The words came from nowhere after Christmas. “WRITE ME!”

I looked at the second novel, the one that the professional reader had read and I rewrote it.

A Belfast Tale was born, but the doors were still closing. I was self-published and self-published authors are not entitled to any funding. I was still shrinking, then growing; growing then shrinking.

Until a click changed everything and I was a member of Women Aloud NI. I went to the Playhouse in Derry and read a comical passage from Snugville Street that had me drowning in more tears; laughter this time.

Curiouser and curiouser I grew.

“Why are there no famous Protestant protagonists in modern Irish fiction?” someone tweeted.

I needed to find the answer. WRITE ME, called the words again. And I did. I wrote about Protestants, and the doors flung open and footmen bowed. I wrote about Ulster-Scots and befriended Twitter in the process.

A friend’s dad read A Belfast Tale and cheered me on. “It’s brilliant,” he said. “It made me laugh and cry,” he said. And that’s a good enough reason to publish a book if you’re down a rabbit hole.

I self-published A Belfast Tale eight months after publishing Snugville Street. I was 40 and a half and up to my eyes in media, marketing, Protestant seminars, cake and bits of mushroom.

My savings waned; my confidence withered. I was drowning in my own fears. I shrank again.

Curiouser and curiouser still, there was an academic conference on loyalism and I was invited. You might say that it was a tea party of sorts and I had to grow again.

One man told his story. He’d been to prison; he’d lost everything. He wanted to know when he would be forgiven, when he would be seen as a human and not an ex-prisoner, when the media would allow him a human side. His story was Harry Adam’s story with more reality and less charm.

Harry Adams is a character. I gave him three dimensions.

Reality was merging with fiction. Fiction was merging with reality.

Then, the strangest thing occurred.

I didn’t meet the Queen of Hearts.

No, I met a former IRA man.

And I was in my child-life again as I recalled a day, long ago, on Waterfoot beach. “The man behind you is in the IRA,” my dad had whispered to my mum. I felt certain that the sand would explode. But I listened and he had an ordinary voice and he was telling an ordinary tale.

“What a curious thing,” I ought to have thought. “I’m a bit feared,” was what came to mind. I got up and kicked in the sand, and looked at the IRA man behind me. He looked like a dad. Perhaps I thought of him when I dressed an IRA man up as Santa in Snugville Street.

Curiouser and curiouser, my dad said after the meeting, “That’s the IRA man who sat behind you all day on Waterfoot beach.”

Fiction was merging with reality. Reality was merging with fiction.

Things got more confusing, like managing a flamingo in a game of croquet. Three weeks in and online sales of A Belfast Tale were stagnant. I was distracted by so many things, not least the realisation that there wasn’t a chance of turning a profit on each book. I began to plough through the expenses. I abandoned that task in another pool of tears.
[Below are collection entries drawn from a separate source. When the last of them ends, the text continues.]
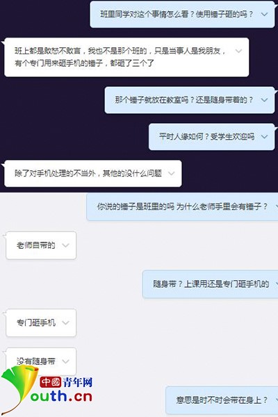 另一位目睹當(dāng)晚情況的同學(xué)向中國青年網(wǎng)記者反映,手機(jī)是被老師拿錘子砸的,該老師男性,其專門備有一個(gè)砸手機(jī)的錘子。雖然老師平時(shí)對學(xué)生們很嚴(yán)厲,但教學(xué)水平很不錯(cuò)。這次雖然學(xué)生有錯(cuò),但老師砸手機(jī)的處理方式有些欠妥。
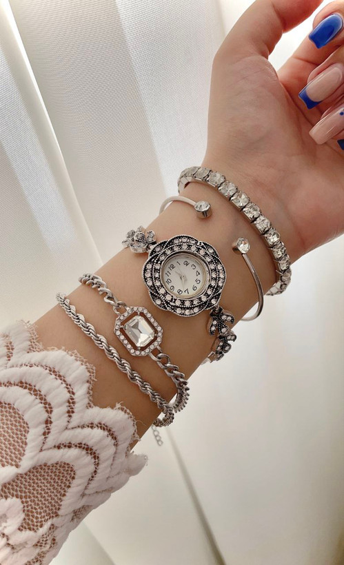 ست کامل پنج تیکه زنانه ساعت به همراه ۴ عدد دستبند
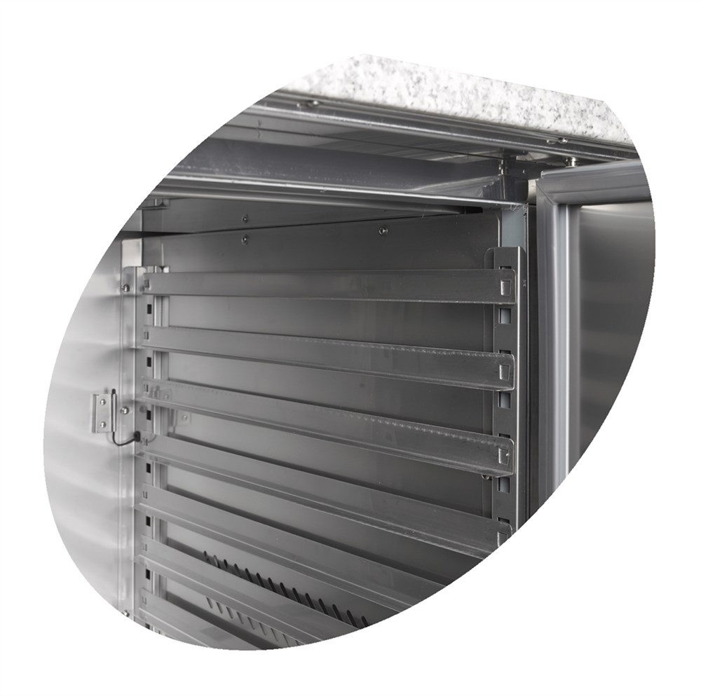 • Uppstyrningar för 7 pizzatråg per dörr (400×600 mm)

One year and a half down a rabbit hole with no salary and I knew I had to walk away.

I applied for a serious job, a kind of dream job for someone who hadn’t dropped down a rabbit hole Down Under.

I gave it everything. I gave it everything, knowing that the first national newspaper review had just come through, knowing that I had completed the launch for a Belfast Tale, knowing that I was getting somewhere.

I didn’t get the dream job. Quite possibly, it was someone else’s dream.

And then I remembered what the American marketing books had said about breaking point. I was at breaking point. And I asked myself two questions. “What’s the use of it all if I’m not spending time with my children? What’s the use of it all if I’m not writing novels?”

Because I need to keep, through all my riper years, the simple and loving heart of my childhood and the dream of Wonderland. I need to make the eyes of my own children bright and eager with many a strange tale.

I need to write to remember my own child-life, and the happy summer days.

And the Duchess said, “Never imagine yourself not to be otherwise than what it might appear to others that what you were or might have been was not otherwise than what you had been would have appeared to them to be otherwise.”